To make sure the Vega charts render correctly, view the notebook not from the Github repo but the published website here: https://walterra.github.io/jupyter2kibana/viz-1a-flights-histogram.html
This notebook covers how to get data via eland
(https://github.com/elastic/eland) from Elasticsearch and discusses some different approaches how to visualize small multiples of binned histograms with eland
and Altair. It covers the basic requirements to successfully create and publish a custom visualization from Jupyter to Kibana.
import datetime
import pandas as pd
import altair as alt
import eland as ed
from elasticsearch import Elasticsearch
import elastic_transport
import json
import numpy as np
import matplotlib.pyplot as plt
import urllib3
import logging
import requests
import warnings
alt.data_transformers.disable_max_rows()
logging.getLogger("elastic_transport").setLevel(logging.ERROR)
# Suppress insecure SSL connection warnings
# In dev environments with the `verify_certs=False`
# you might want to reduce those warnings.
urllib3.disable_warnings(urllib3.exceptions.InsecureRequestWarning)
urllib3.disable_warnings(elastic_transport.SecurityWarning)

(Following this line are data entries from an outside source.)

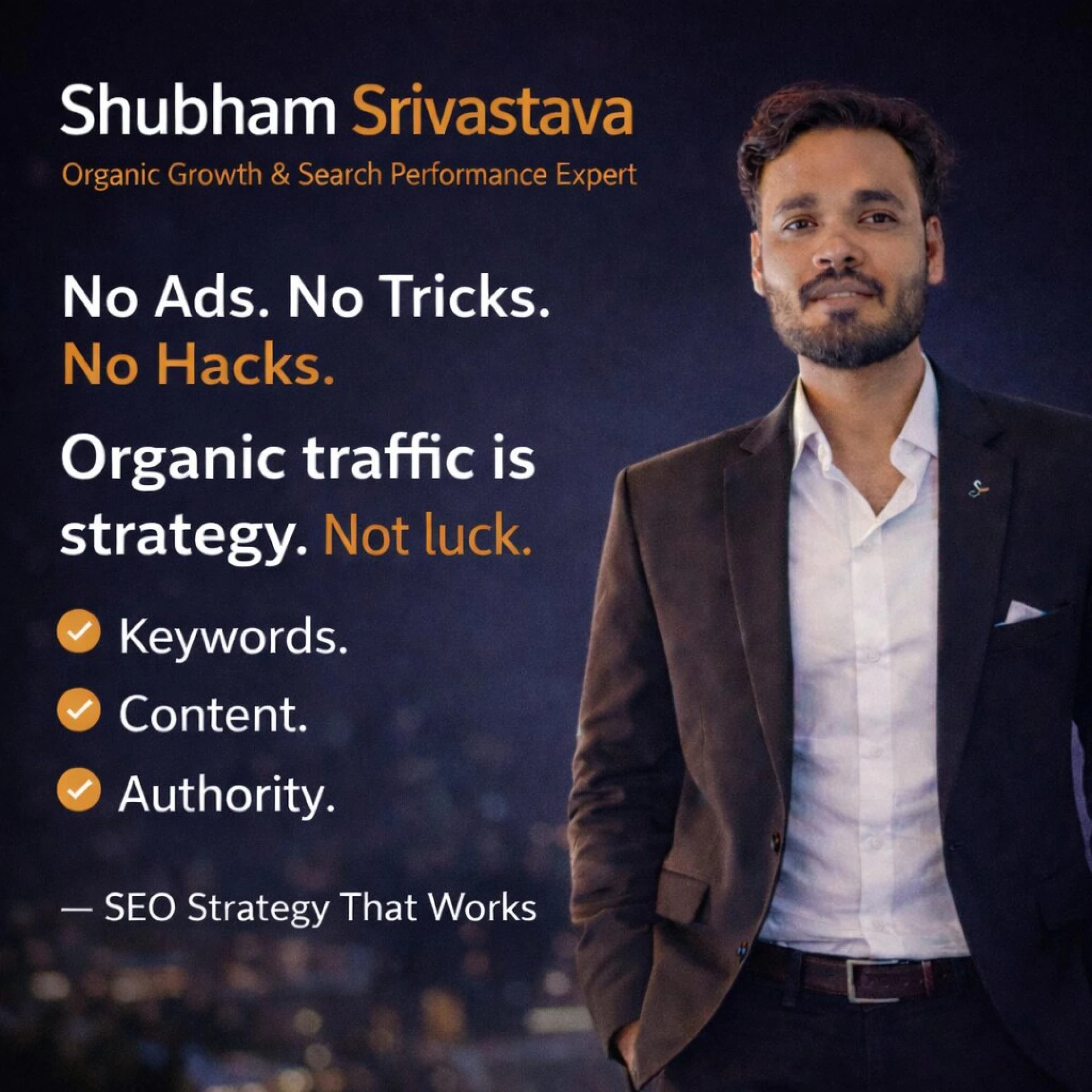 Shubham Srivastava is an SEO and digital marketing professional focused on driving organic growth through strategic keyword research, search visibility optimization, and long-term brand authority building. With a data-driven and performance-oriented approach, he helps businesses improve rankings, attract qualified traffic, and achieve sustainable digital success.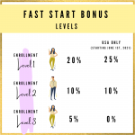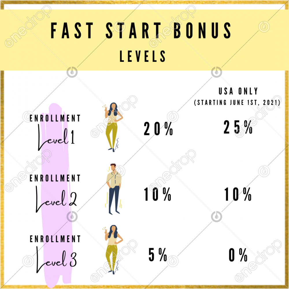 The Fast Start Bonus is the only commission paid out weekly. All other bonuses are paid out on a monthly basis. Enrollers will earn commission up to three levels. The enroller of the enroller will earn 10 percent, while their enroller will earn five percent.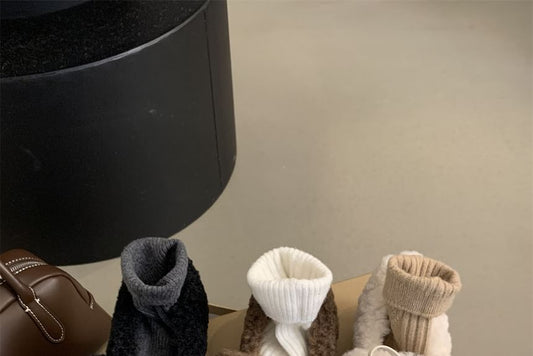 Sample Square Toe Bow Fleece Hidden Wedge Mary Jane Shoes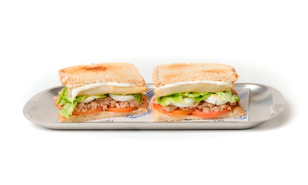 Pan tostado con lechuga fresca, tomate en rodajas, atún, espárragos, huevo cocido y mahonesa cremosa.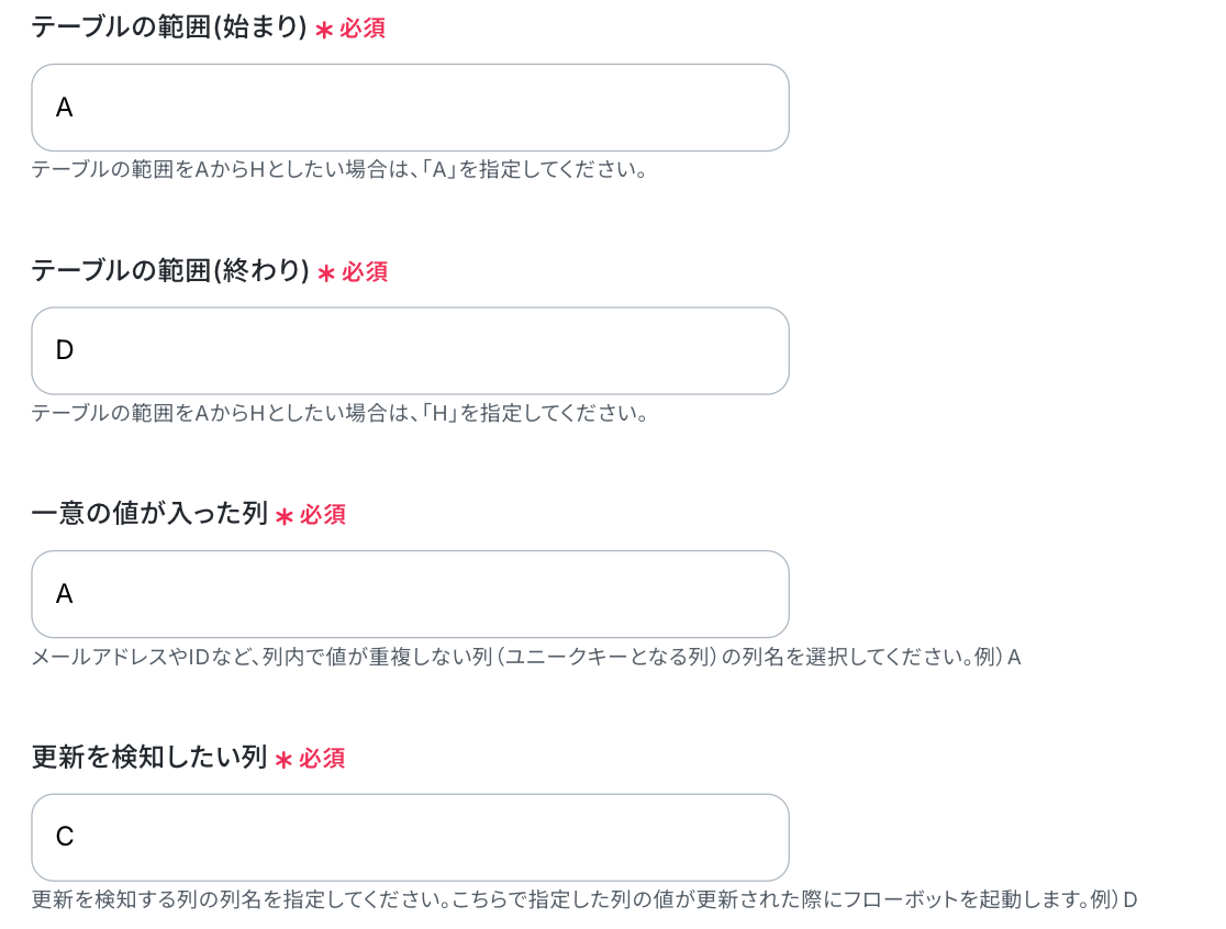 ※Google スプレッドシートをアプリトリガーとして使用する際の注意事項は「【アプリトリガー】Google スプレッドシートのトリガーにおける注意事項」を参照してください。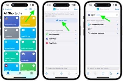 - 輕敲添加動作,然後使用文本字段搜索打開應用程序。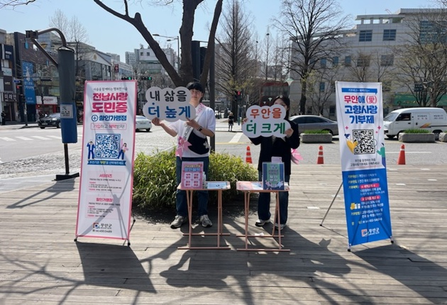 (전남=NSP통신) 오환주 기자 = 무안군은 지난 26일 전남대학교를 방문해 지역 주민과 학생들을 대상으로 고향사랑기부제와 전남 사랑애(愛) 서포터즈에 대해 설명하고 참여 혜택을 홍보했다고 27일 밝혔다.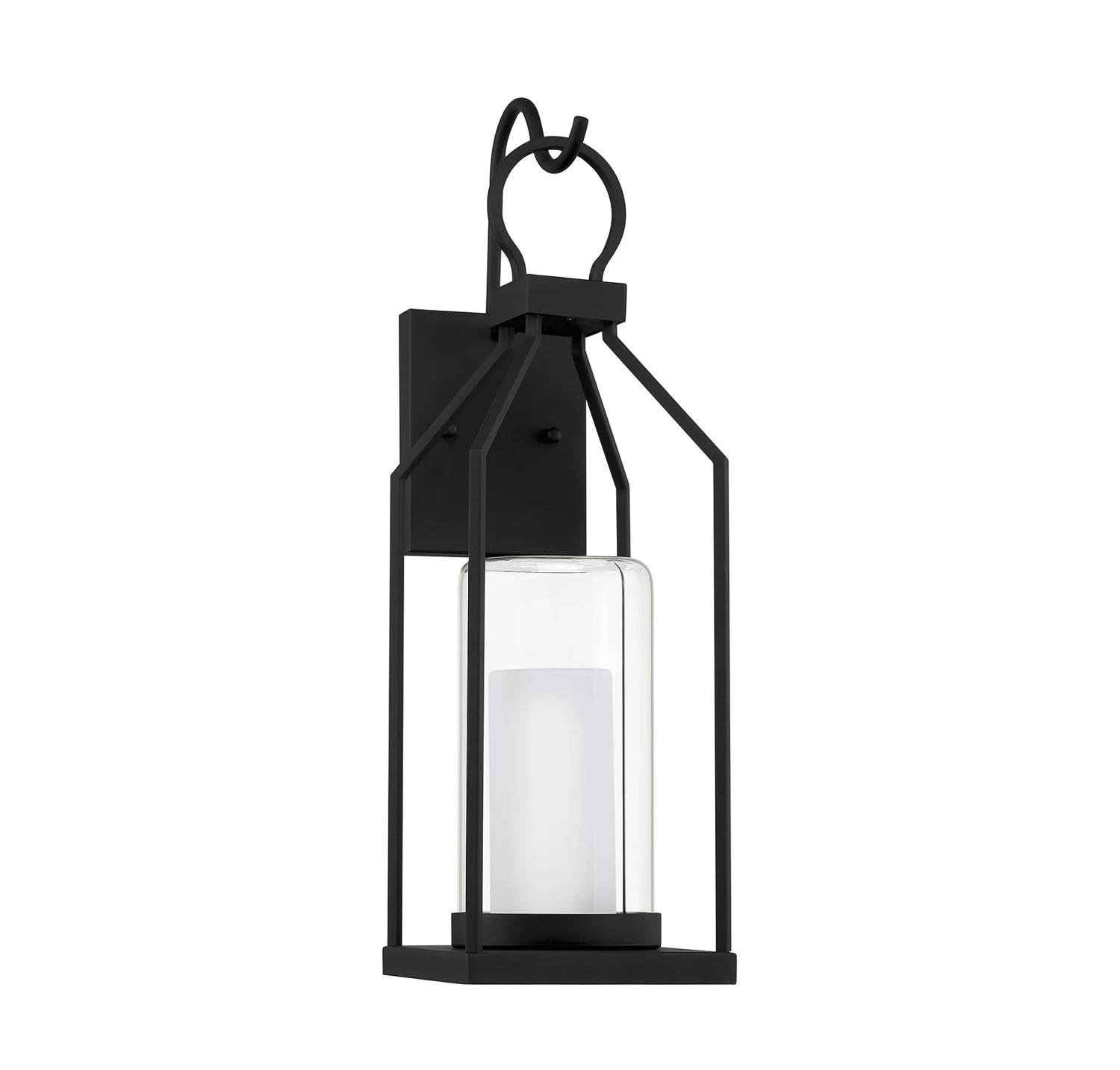 The Hamilton Outdoor Wall Sconce adds a clean look to your exterior space. The lantern inspired style boasts a dual glass diffuser. Available in two sizes.

# For rendering the notebook to HTML hide all warnings
warnings.filterwarnings('ignore')
with open('config.json') as config_file:
es_config = json.load(config_file)
# First instantiate an 'Elasticsearch' instance with the supplied config
es = Elasticsearch(
hosts=[es_config['es_client']],
basic_auth=[
es_config['user'],
es_config['password']
],
# Only in development environments with self signed certificates fall back to use `verify_certs=False`
verify_certs=False
)
df = ed.DataFrame(es, 'kibana_sample_data_flights')
df.head()
df.info()
The following code is great because it's short and concise. However, we cannot deploy these bitmap based charts to Kibana and make them dynamic. And as of Elastic Stack 7.9, these kind of charts (both small multiples and binned histograms) are a bit cumbersome to create with native Kibana tools.
df_number = df.select_dtypes(include=np.number)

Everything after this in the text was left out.